An external file that holds a picture, illustration, etc.
Object name is fig-4.jpg

While peak linear acceleration was not predictive for neurological trauma, the pattern of average collision events per individual was significantly related to the concussion group as identified using neurocognitive testing (ImPACT). Each participant wore a Riddell® Revolution helmet (Riddell, Elyria, OH) outfitted with a sensor array (HIT System) to record head accelerations in practices and games once the season started (Crisco et al., 2004). Overall the COI−/FOI+ group experienced the greatest number of collision events to each region of the helmet. The COI−/FOI− group accumulated more collisions per player in each location than did the COI+/FOI+ group, suggesting that the latter group's injuries were not the result of the number of blows, but likely were due to a single or a small number of particularly deleterious collisions. (A) For collision events less than 20g, the COI−/FOI+ group experienced significantly more collision events to the side and the top-front of the helmet (p < 0.05, group-wise one-way ANOVA and Bonferroni-corrected one-tailed t-test). (B) Between 20 and 80g, the COI−/FOI+ group experienced a greater number of collision events to each region of the helmet, but the only location where it reached significance was the top-front. (C) Above 80g, the COI+/FOI+ group experienced significantly more blows to the side of the head, while the COI−/FOI+ group continued to experience a statistically greater number of blows to the top-front of the helmet (COI, clinically-observed impairment; FOI, functionally-observed impairment; ANOVA, analysis of variance).

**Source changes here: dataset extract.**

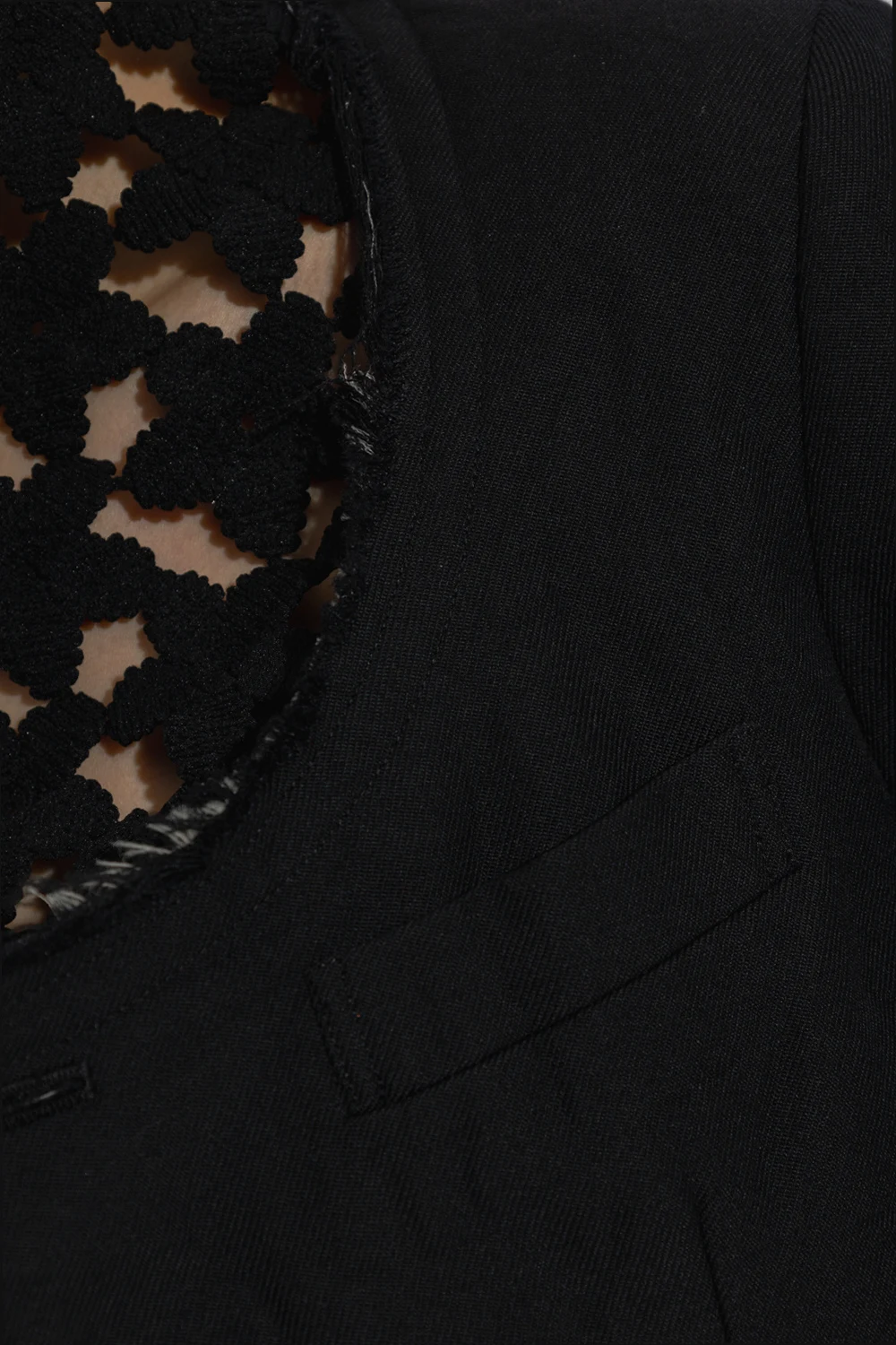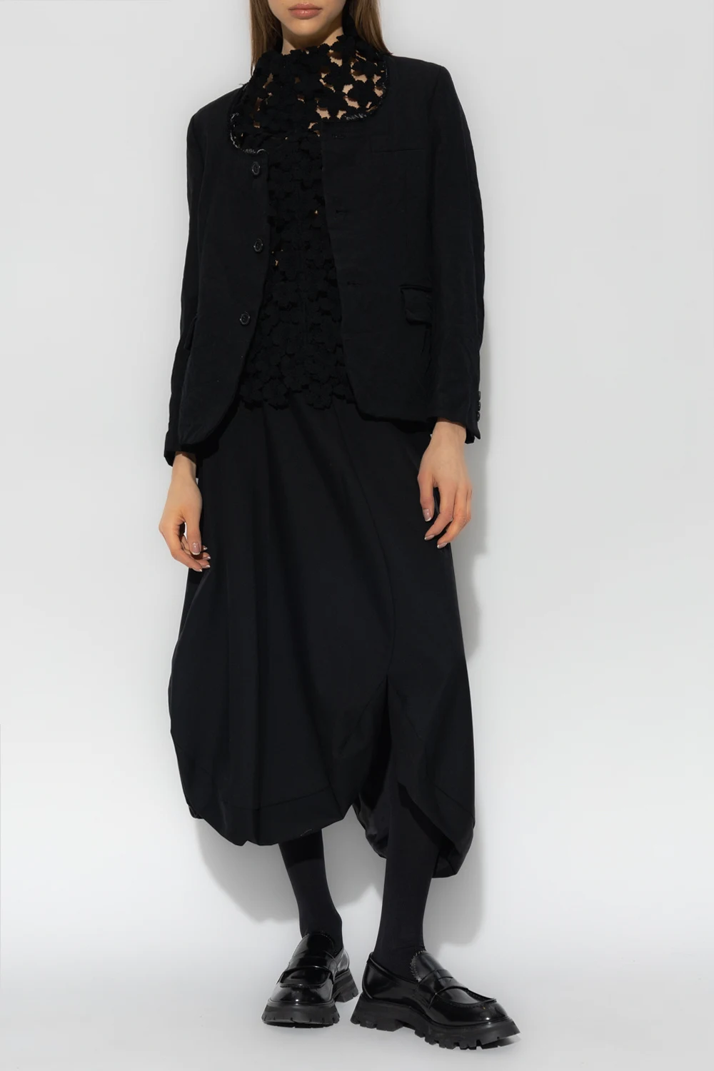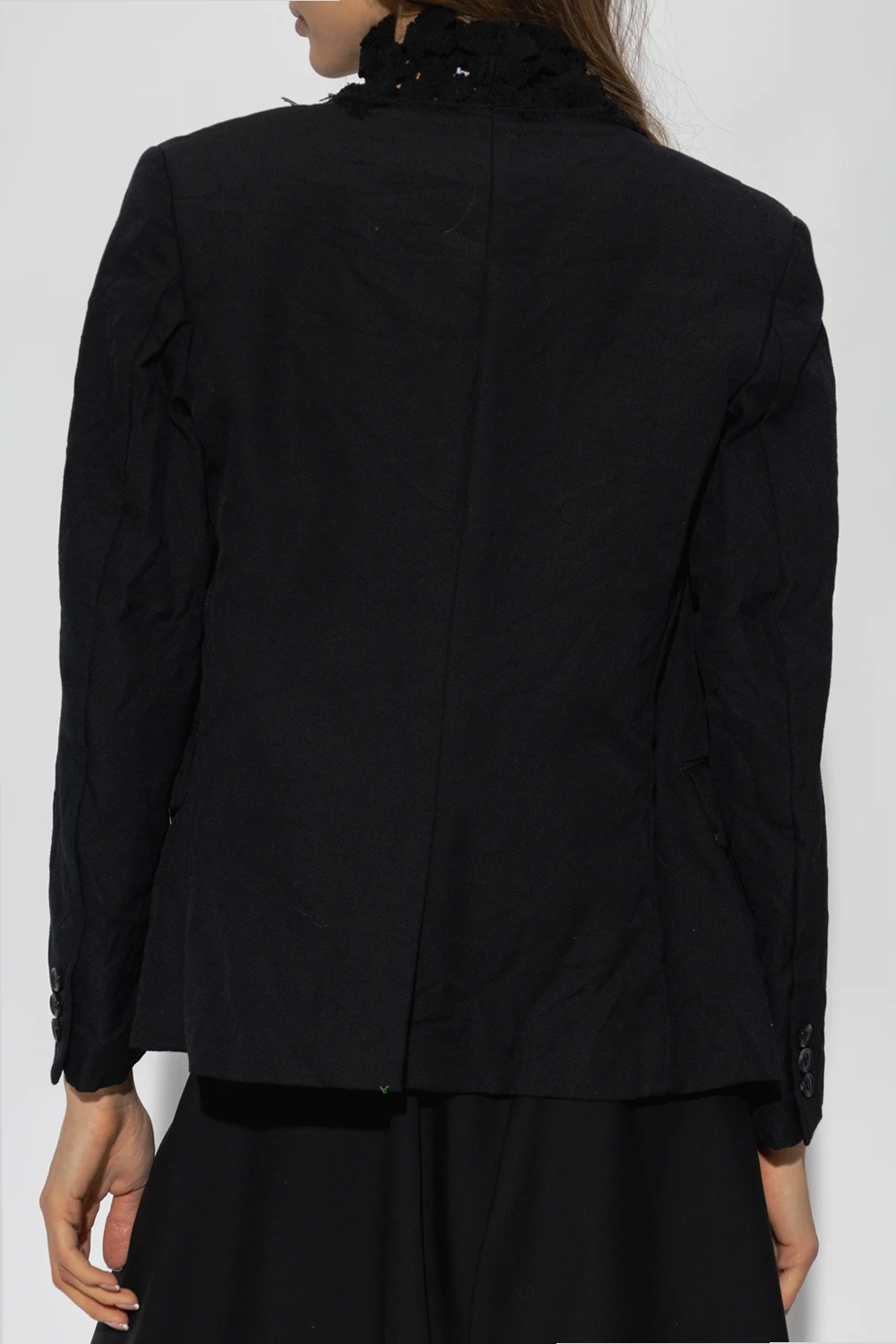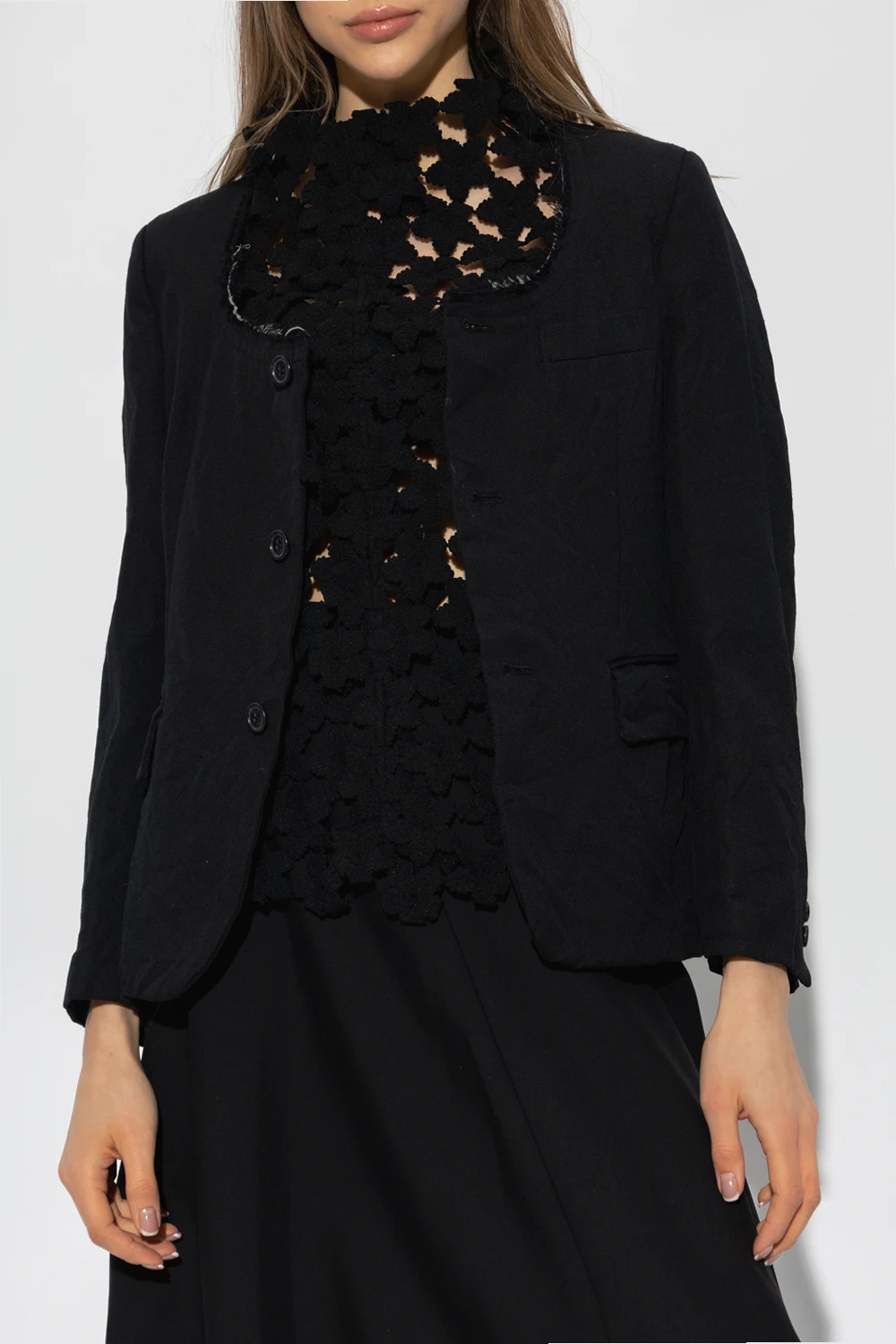 Black blazer from CDG by Comme des Garcons. Made of wool, this long sleeve design features button fastenings, two flap pockets, one slip pocket and raw cut edges.

Further evaluation of the head-collision events experienced by the 11 players assessed during the season revealed that the number of events experienced in the week immediately preceding an in-season assessment (n=14) was significantly correlated with changes in fMRI activation for the 2-back versus 1-back contrast of interest. At the level of anatomical ROIs (Table 2), statistically significant (p<0.05; |r|≥0.53) correlations were observed for collision events with the deviation of the 2-back versus 1-back signal change from that observed for the individual in the pre-season assessment. For all of the ROIs listed in Table 2, fMRI signal changes became less biased in the favor of the 2-back task (i.e., lesser activation for the 2-back task, relative to that evidenced for the 1-back task), as the number of head-collision events increased. While the most consistent changes in activation were located in the DLPFC, the majority of anatomical structures associated with this region (e.g., L MFG, L SFG, and R SFG) are not indicated in Table 2. However, comparison of collision events to calculated changes in hemodynamic response signal amplitude for the aggregated frontal lobe ROI yields a trend that is well described by a linear regression model (R2=0.46; Fig. 5).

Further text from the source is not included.